Ruoyi Cai & Cécile Ané (2021). Assessing the fit of the multi-species network coalescent to multi-locus data. Bioinformatics, 37(5):634-641. doi: 10.1093/bioinformatics/btaa863
Lorenzen (1995). A new family of goodness-of-fit statistics for discrete multivariate data. Statistics & Probability Letters, 25(4):301-307. doi: 10.1016/0167-7152(94)00234-8

source

QuartetNetworkGoodnessFit.ticr! — Method

ticr!(net::HybridNetwork, df::DataFrame, optbl::Bool; quartetstat, test)
ticr!(net::HybridNetwork, dcf::DataCF,   optbl::Bool; quartetstat, test)
ticr(dcf::DataCF, quartetstat::Symbol, test::Symbol)

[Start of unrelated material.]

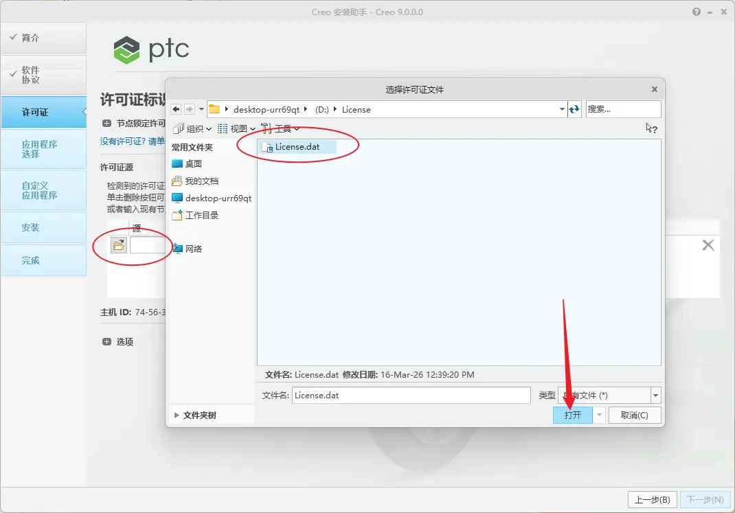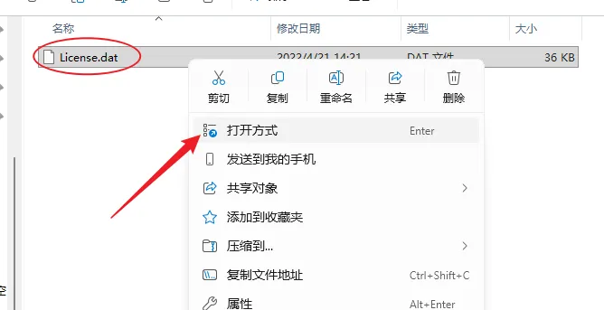 9.打开粘贴后的【License】文件夹,鼠标右击该文件夹下的【License.dat】选择【打开方式】。

The tree / network needs to have branch lengths in coalescent units, and must be of level 1. It must be fully resolved, such that the "major" quartet is clearly defined, even though branch lengths can be 0.

The Dirichlet distribution is used to fit the distribution of the observed quartet concordance factors (CF), with a concentration parameter estimated from the data.

The four-taxon sets are then binned into categories according to their outlier p-values: 0-0.01, 0.01-0.05, 0.05-0.10, and 0.10-1. Finally, a one-sided goodness-of-fit test is performed on these binned frequencies to determine if they depart from an expected 5% p-values being below 0.05 (versus more than 5%), using the default test = :onesided. Alternatively, the option test = :goodness carries out the overall goodness-of-fit chi-square test proposed by Stenz et al. (2015), to test for any kind of departure from the expected frequencies (0.01, 0.04, 0.05, 0.90) across all 4 bins.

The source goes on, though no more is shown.